Adele Racheli (14 July 1897 – 3 January 1992) was an Italian engineer and co-founder of a successful patent protection office in Milan in 1925 to protect the intellectual property of Italian professionals. The firm still thrives.

== Early life and education ==
Born on 14 July 1897 in Piacenza, Italy, to Maria Carolina (née Pavesi) and Vitorio Racheli, Adelina Racheli had seven younger siblings. As a way to improve her understanding of the lessons she learned in school, she copied her class notes by hand at night and then sold them to her classmates. In Piacenza, she attended high school and two years of university, but after her family moved to Milan, she was one of the first women to enrol at the Polytechnic University of Milan, graduating in industrial mechanical engineering in 1920, the first woman to graduate from the course.
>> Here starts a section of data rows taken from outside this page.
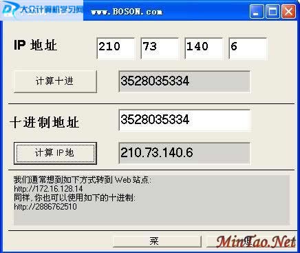 接着单击“计算十进”按钮,就能知道十进制IP地址为“3528035334”,以后你也可以通过“http://3528035334”或“ftp://3528035334”形式来访问“210.73.140.6”服务器了。当然,在“十进制IP计算器”设置窗口中,你也可以将十进制IP地址快速转换成普通的IP地址。
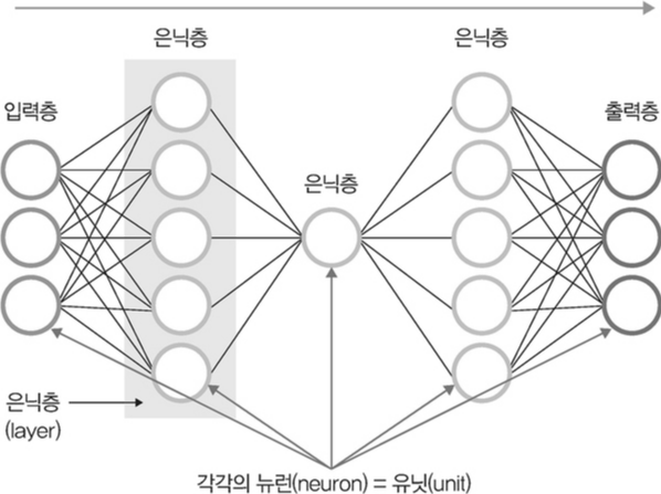 - 은닉층: 모든 뉴런으로 부터 값을 받아 가중합을 계산하고, 이 값을 활성화 함수에 적용하여 출력층에 전달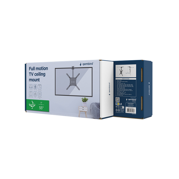 Stropni nosilec za TV s polnim gibanjem. Podpira večino LCD televizorjev od 19 do 55 palcev, združljiv z VESA, največ 400 mm x 400 mm, omogoča vrtenje in nagibanje do 90 stopinj.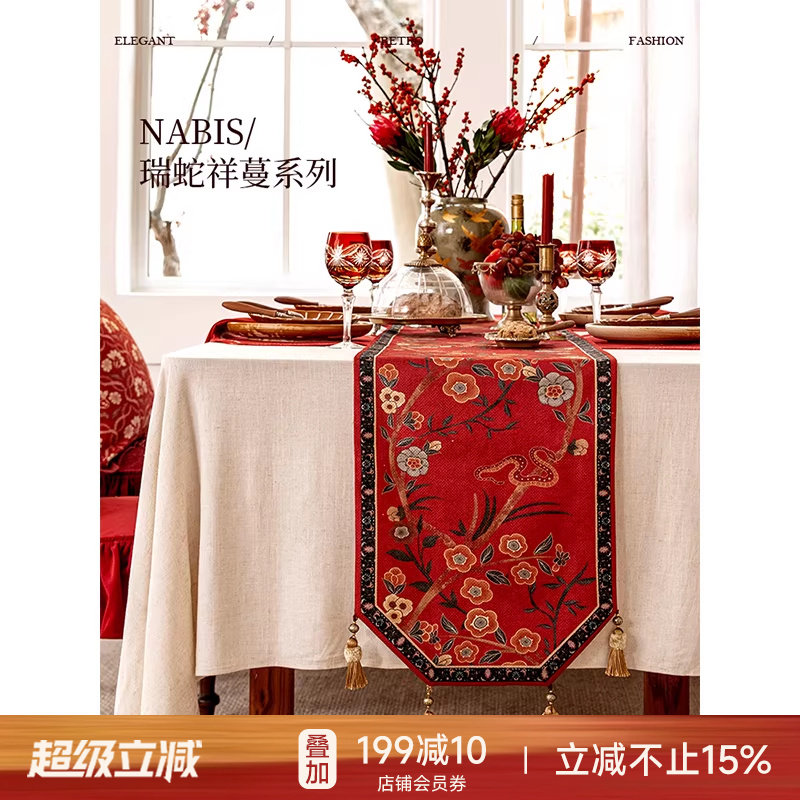 【第3件0元专区】蜡笔派瑞蛇祥蔓桌旗复古红色节日新婚餐桌布盖布

When she was interviewed in 1985, she admitted that her early fascination with mechanics came from a passion to fix bicycles, which in those days, always broke down. Even so, she commented on her life's achievements saying it mattered little if her family "thought she was crazy."

== Career ==
One of Racheli's first jobs was working in a Milan patent office, which became a transformative experience, teaching her the importance of protecting intellectual property. In 1925, she opened her own patent protection office in Milan called the Racheli & Bossi Patent Office, in partnership with a colleague Rosita Bossi. The name of the company has since been shortened to Racheli and now operates two other offices in Italy in addition to the main location in Milan. As of 2020, the company describes itself as a "consultancy firm in industrial and intellectual property, which operates in Italy and abroad also through a selected network of consultants and correspondents."

On 26 January 1957, Racheli was a founder of a new organization to support female professionals. To do so, she worked with engineers Emma Strada, Anna E. Armour, Ines Del Tetto Noto, Laura Lange, Alessandra Bonfanti Vietti and the architect Vittoria Ilardi, to establish the Associazione Italiana Donne Ingegnere e Architetto (AIDIA). The association was first proposed in 1948 by electrical engineer Maria Artini to help other women who worked in technical fields, but Artini died before AIDIA could be officially started.

The 1985 interview was conducted in the elderly Racheli's office where a plaque, hung ten years before, attested to her 50 years of membership in the Order of Engineers. The interviewer described Racheli's career path and daily work schedule this way:Entered as a simple clerk in a patent office, Adele Racheli has become the owner of one of the most successful in Milan. Today at the age of 91 she still holds the reins of her office, working there for eight hours a day; she doesn't even come home to have lunch. The only problem, at her age, is no longer having a driver's license and no longer being able to visit customers as she once did. But to interrupt her business; it is a hypothesis that she does not even take into consideration: 'Should I stop prematurely?'

== Personal life ==
On 22 February 1923, Racheli married an engineer named Costante Domenighetti who had attended the same university and set up the company Società Italiana Macchine Edili Stradali e Agricole (SIMESA). This led her to change her name to Adele Racheli Domenighetti. In a 1985 interview, she boasted "of having always managed to earn more than him, who was also a mechanical engineer and had his own company to run." The couple had five children, Domenico, twins Dafne and Diana (b. 1929), Daria, and Delfina.

During World War Two the family moved to Switzerland to avoid the war after their home and offices were destroyed by bombs in 1943.

Adele Racheli Domenighetti died on 3 January 1992.